AKP’nin 2018 seçimine göre yüzde 6,7 oy kaybettiği hatırlatılan açıklamada, “Ağırlığını sermaye partilerinin oluşturduğu parlamento işçi ve emekçilerin taleplerinin en az dile geleceği dönem olarak tarihe geçeceği, kadınların haklarına yönelik saldırıların gündeme geleceği, tek adam düzenini daha kurumsal hale getirecek bir yapıda olacağı kuşku götürmez bir gerçek olarak durmaktadır. İfade edilen yeni anayasa ise tek adam düzeninin güvencesi olarak gündeme getirilecektir. Temmuz'da geçerli olacak asgari ücret belirlenmesinde olduğu gibi işçi ve emekçilerin ekonomik talepleri dikkate alınmadığı gibi açlık sınırı altında yaşamayı dayatmaya devam edeceklerdir. Bugünden ifade etmek gerekirse, mevcut iktidar ekonomik, sosyal, siyasal alanda işçi ve emekçilerin yaşamını daha da zora sokacak politikalara imza atacaktır, buna uygun yasal düzenlemeleri meclise getirmekten geri durmayacaktır. Bugün yapılması gereken, saldırılara karşı en geniş birleşik bir işçi ve emekçi mücadelesinin yeniden örgütlenmesidir. Önümüzde duran görev ve sorumlulukları yerine getirmektir” denildi.

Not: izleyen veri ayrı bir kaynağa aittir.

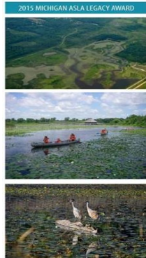
2015 MICHIGAN ASLA LEGACY AWARD

Açıklamanın devamında şu ifadeler kullanıldı:
- “Başta yüz binlerce gıda işçisi olmak üzere, milyonlarca işçi sendikal hak ve özgürlüklerden yoksun, patronların iki dudağı arasında çalışma koşullarına mahkum edilmiştir. Sendikal hak ve özgürlüklerin önündeki engellerin kaldırılması (baraj, grev yasakları, işten atmalar, sendika seçme özgürlüğü, iş yerinde referandum vb) konularda tüm sendikalarla, emek örgütleriyle birlikte mücadele edilmesi, ortak çalışmaların yapılması, platformların kurulması, kampanyaların örgütlenmesi, sendikal hak ve özgürlüklerin işçilerin gündemine girmesi konusunda etkin bir çalışmanın yapılması,
- Tüm ücretlerin yoksulluk sınırı üzerinde bir ücrete denk gelecek biçimde artırılması için mücadele edilmesi,
- Artan iş cinayetleri, çalışma koşullarının ağırlaştırılması, angaryaya karşı mücadelenin sürdürülmesi,
- Mevsimlik ÇAYKUR işçilerinin kadro talebi yakıcılığını sürdürmektedir. ÇAYKUR'da mevsimlik işçiye kadro talebi için mücadelenin kadro hakkını alana kadar kesintisiz sürdürülmesi,
- Mültecilere karşı sürdürülen ırkçı ve şoven politikalara karşı daha etkin bir mücadelenin verilmesi,
- İşçi ve emekçilerin birleşik mücadelesinin önündeki engellerin kaldırılması için her düzeyde girişimlerin desteklenmesi, platformların güçlendirilmesi çabalarının ısrarla sürdürülmesi, sendikamızın 34. Olağan Genel Kurulu, yukarıda ifade edilen sorunlara karşı mücadelenin yükseltilmesinin platformu olarak örgütlenmektir."